→ Supplied information:
------------------------------------

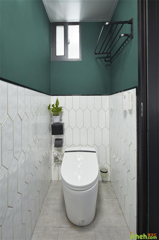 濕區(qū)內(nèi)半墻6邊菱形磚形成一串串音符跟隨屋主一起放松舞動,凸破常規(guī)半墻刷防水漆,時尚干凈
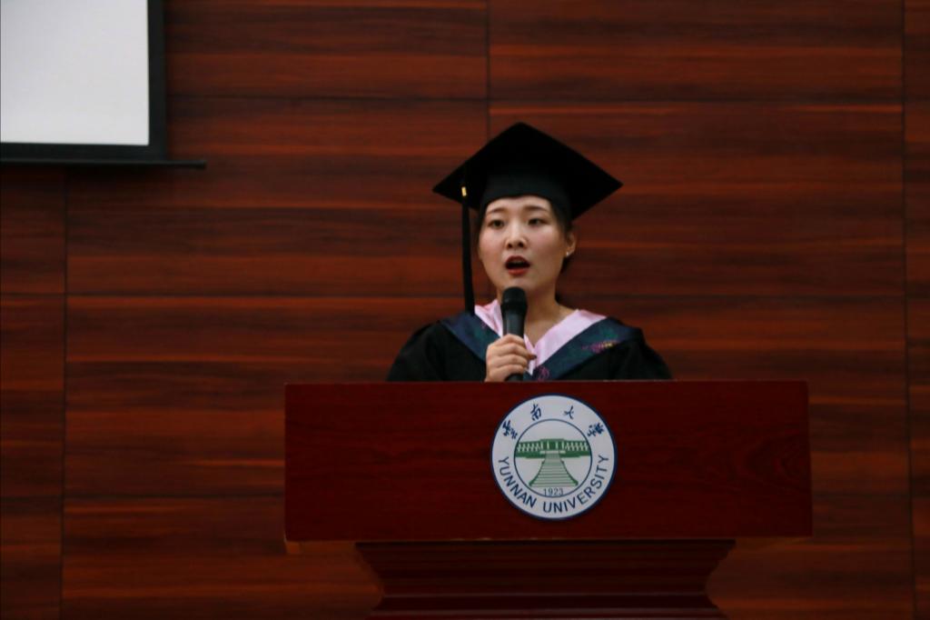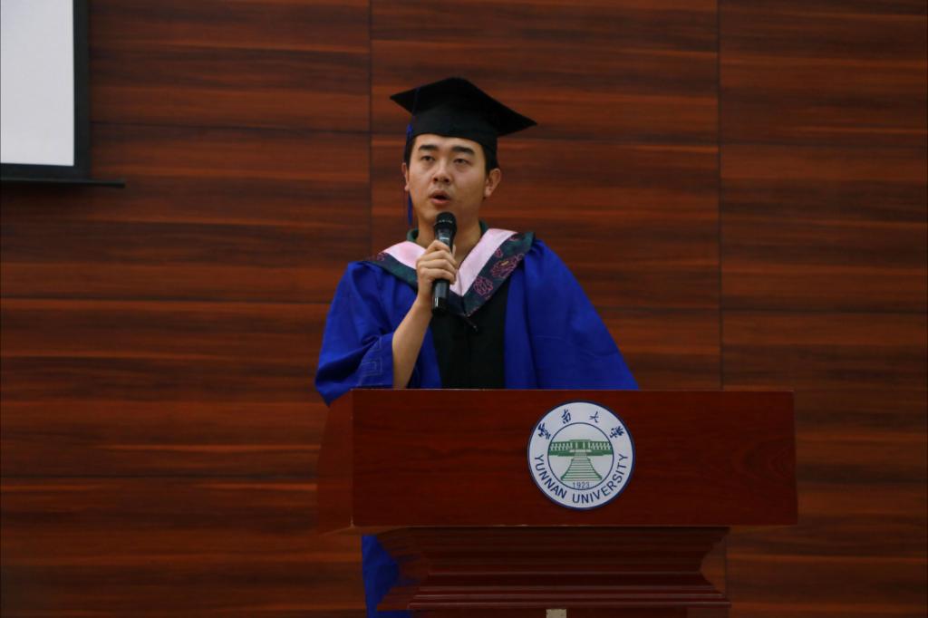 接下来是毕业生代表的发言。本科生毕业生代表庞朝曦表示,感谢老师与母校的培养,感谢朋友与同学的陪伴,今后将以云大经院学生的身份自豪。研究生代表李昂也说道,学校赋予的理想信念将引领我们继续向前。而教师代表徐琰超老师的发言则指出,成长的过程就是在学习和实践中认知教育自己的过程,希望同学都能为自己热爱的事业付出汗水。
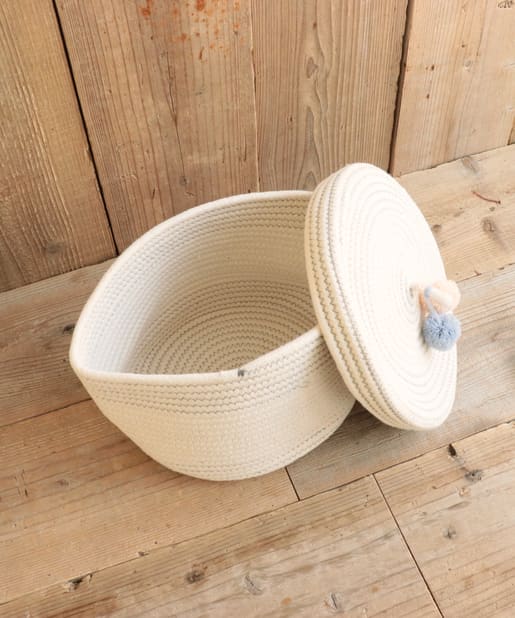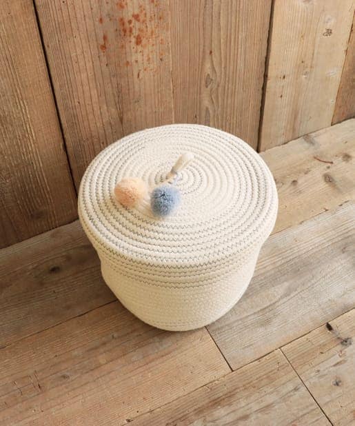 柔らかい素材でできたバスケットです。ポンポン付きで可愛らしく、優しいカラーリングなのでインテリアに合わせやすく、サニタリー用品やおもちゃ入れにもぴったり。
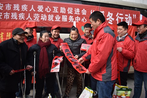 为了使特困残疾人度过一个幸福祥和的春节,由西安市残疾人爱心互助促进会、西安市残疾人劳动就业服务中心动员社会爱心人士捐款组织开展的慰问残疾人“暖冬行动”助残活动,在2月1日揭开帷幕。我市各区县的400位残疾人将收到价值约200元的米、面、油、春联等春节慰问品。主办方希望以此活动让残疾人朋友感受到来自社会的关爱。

------------------------------------

→ Work task: Without any pictures, write out the lines running from the one containing "接下来是毕业生代表的发言。本" through the end of the listing above, both included, exactly as given.

→ Result for this exercise:
 接下来是毕业生代表的发言。本科生毕业生代表庞朝曦表示,感谢老师与母校的培养,感谢朋友与同学的陪伴,今后将以云大经院学生的身份自豪。研究生代表李昂也说道,学校赋予的理想信念将引领我们继续向前。而教师代表徐琰超老师的发言则指出,成长的过程就是在学习和实践中认知教育自己的过程,希望同学都能为自己热爱的事业付出汗水。
 柔らかい素材でできたバスケットです。ポンポン付きで可愛らしく、優しいカラーリングなのでインテリアに合わせやすく、サニタリー用品やおもちゃ入れにもぴったり。
 为了使特困残疾人度过一个幸福祥和的春节,由西安市残疾人爱心互助促进会、西安市残疾人劳动就业服务中心动员社会爱心人士捐款组织开展的慰问残疾人“暖冬行动”助残活动,在2月1日揭开帷幕。我市各区县的400位残疾人将收到价值约200元的米、面、油、春联等春节慰问品。主办方希望以此活动让残疾人朋友感受到来自社会的关爱。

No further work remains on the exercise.